Can you gain as much by switching back? Using the same reasoning?

There is a paradox: A gain for switching can be anticipated.

Yet, there is a preferred envelope, and if we initially chose it we should not switch.

Not sure what you mean by "switching back". The 50/50 comes from randomly picking one of 2 envelopes from which we know one has double the money of the other. I don't see a paradox.

The paradox comes from the fact that \$1000 is arbitrary.

Suppose I were to point to an envelope before any were opened, and I said "That envelope contains some amount of money; call it \$X. The other envelope therefore must contain \$2X or \$X/2." You could now argue that the expected earnings from picking the other envelope are \$5X/4, so you should choose the other envelope. But in reality, have I actually given you any more information than you already had when you only knew that one envelope contains twice as much money as the other?

I think k-man is right. There is no infinite switching paradox in this formulation. That is because being able to see the envelope amount (\$1000) nails down the value of one envelope. In other words, the amount \$1000 is not arbitrary. The moment we see it, Reverend Bayes has already entered the room.
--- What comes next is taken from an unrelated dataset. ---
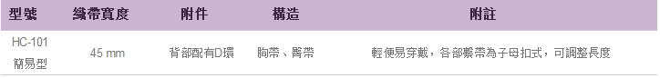 簡(jiǎn)易型安全帶HC-101參數(shù):
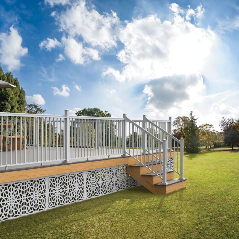 36in x 8ft White Potomac Square Flat Top Stair Kit includes top & bottom rails, balusters, locking strips & brackets.

So, let's say that we do some simple statistics. Given that the first envelope has value 1000, then the second envelope either has 500 or 2000.

So let's say we switch because the expected value of the unopened envelope is larger than 1000. Now we have an unopened envelope, and the other envelope has 1000. The value of the unopened envelope is still either 500 or 2000. The expected value of the unopened envelope in our possession is still larger than 1000, so switching again is unwise.

Now, if both envelopes are unopened, then that is a different situation. See discussion below.

Let me try to disentangle the paradox using Bayesian statistics

The discussion below will look to put a proper Bayesian prior on the envelope values A and B. We will show that when we have a proper prior, there is no infinite switching scenario, regardless of whether the first envelope is opened or not.

Let the envelope values be A and B. We need some prior distribution on the smaller value and the larger value. Without lack of generality, let's say that the smaller value min(A,B) has a uniform distribution between [0, 10,000]. Consequently, the larger value max(A,B) has the uniform distribution between [0, 20,000]. Their probability density functions are

pmin( x ) = 1/10000 for x in [0, 10000],

pmin( x ) = 0 otherwise

pmax( x ) = 1/20000 for x in [0, 20000],

pmax( x ) = 0 otherwise

So, let's look at the case where we open the first envelope and it is \$1000. Given that A = 1000, we need to compute

P( A is smaller number | A = 1000) = pmin( 1000 )/[ pmin( 1000 ) + pmax( 1000 ) ] = 2/3

P( A is bigger number | A = 1000) = pmax( 1000 )/[ pmin( 1000 ) + pmax( 1000 ) ] = 1/3

This coincidentally is the same conclusion that plasmid came to in post #7. The expected value of envelope B is now (2000)*2/3 + (1/3)*(500) = 1500. So we should switch.

However, we see that there is no point to switching a second time. If we compute the expected value of envelope B given that A = 1000, we still see that E( B | A = 1000) = 1500.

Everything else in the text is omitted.